I am in this one particular WhatsApp group. Sometimes I feel lost and unwanted there. It's not because the members ignore me. Heavens no. It's just that I feel like I am not worthy in their company. They achieved good things that I wish I could have achieved the same. What I thought I will achieve alongside with them. But I didn't.
Aaaand of course the typical comfort words of my friends are:
1. "It's okay. Tu rezeki dia. Rezeki kita lain lain"
2. "Rezeki Allah tu luas. Don't sweat about it. In shaa Allah ok je"
3. "You're gonna do great things in the future in shaa Allah. BWP kan."

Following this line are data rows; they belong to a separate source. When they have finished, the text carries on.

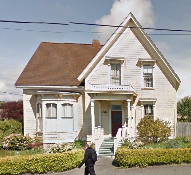 This one-and-a-half story Italianate upright-and-wing house has a bay window, entrance portico, and segmentally arched windows.Built in 11877, the bay window and porch seem to have been added later as you can still see the original porch canopy support under the newer one. The house was styled after Christ Church Parsonage and was built by Mills. The original owner was J. Chamberlain.
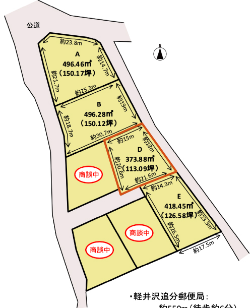 分譲地の南側には畑が広がり、景観が抜けているため見晴らしがよく、空も広く感じます。この土地は、7軒の分譲地のうちややコンパクトですが、それでも広さは113坪と十分な広さがあります。南側に向けて広くなる台形の土地をどう生かすかがポイント。広めの南側に庭を作れば十分な日差しを家の中まで取り込めそうです。また、こちらは建築条件付きの土地なので、地元の設計士さんと相談しながら家を作るのが楽しみでもあります。この土地の環境などを熟知した地元の建築会社さんとタッグを組むことで、自分たちらしく、そして、この土地らしい家づくりができること間違いなしです。
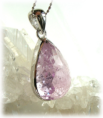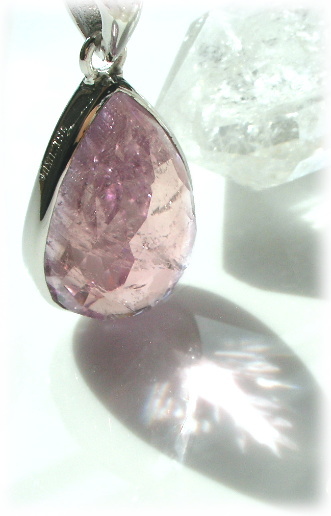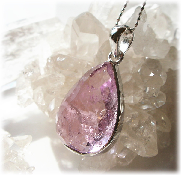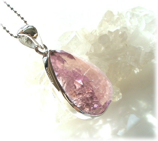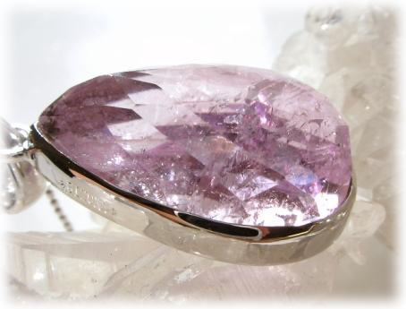 ファセットを施したブライトクンツァイトの美しさのみを強調した迫力のあるこのSIZUKUが
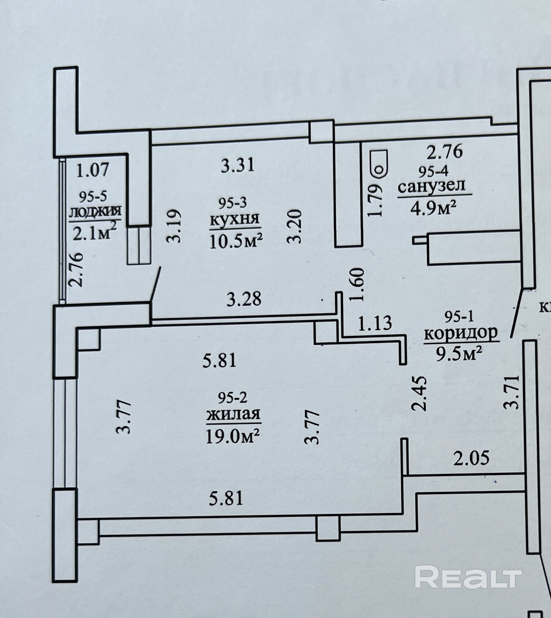 Жилая - 19 кв.м. - возможно разместить большую кровать, шкаф, диван (зону отдыха).

Well, people believe in me more than I believe in myself. At one point I have a clear vision of what I am capable of doing. On the other hand my confident just drained out to zero. All of this happen because of grades. My grades were bad so the door of opportunity became narrower (in the eyes of society). I will be lying if I say I don't give a damn of what society is saying. I do care. But I am trying so hard not to. The thought is inevitable. By the end of the day, only a few people really understands this. Understands me.
I have to remind myself every day that I can't be weak. I can't afford the time to be pathetic. I can't be miserable. It's not even the beginning yet. Some people had a head start in the race. Some people chose a different route to run. Some people end the game safely. Some people get minor injuries.
I have to believe that it's gonna be okay.
I have to believe that everything's gonna turn out to be better.
I have to believe that I am gonna do awesome things in the future.
I have to believe that Allah SWT has set everything that's best for me.
I have no choice.
I just have to.
Some born with greatness.
Some achieved greatness.
If I am not the first one, I wish I will be the latter.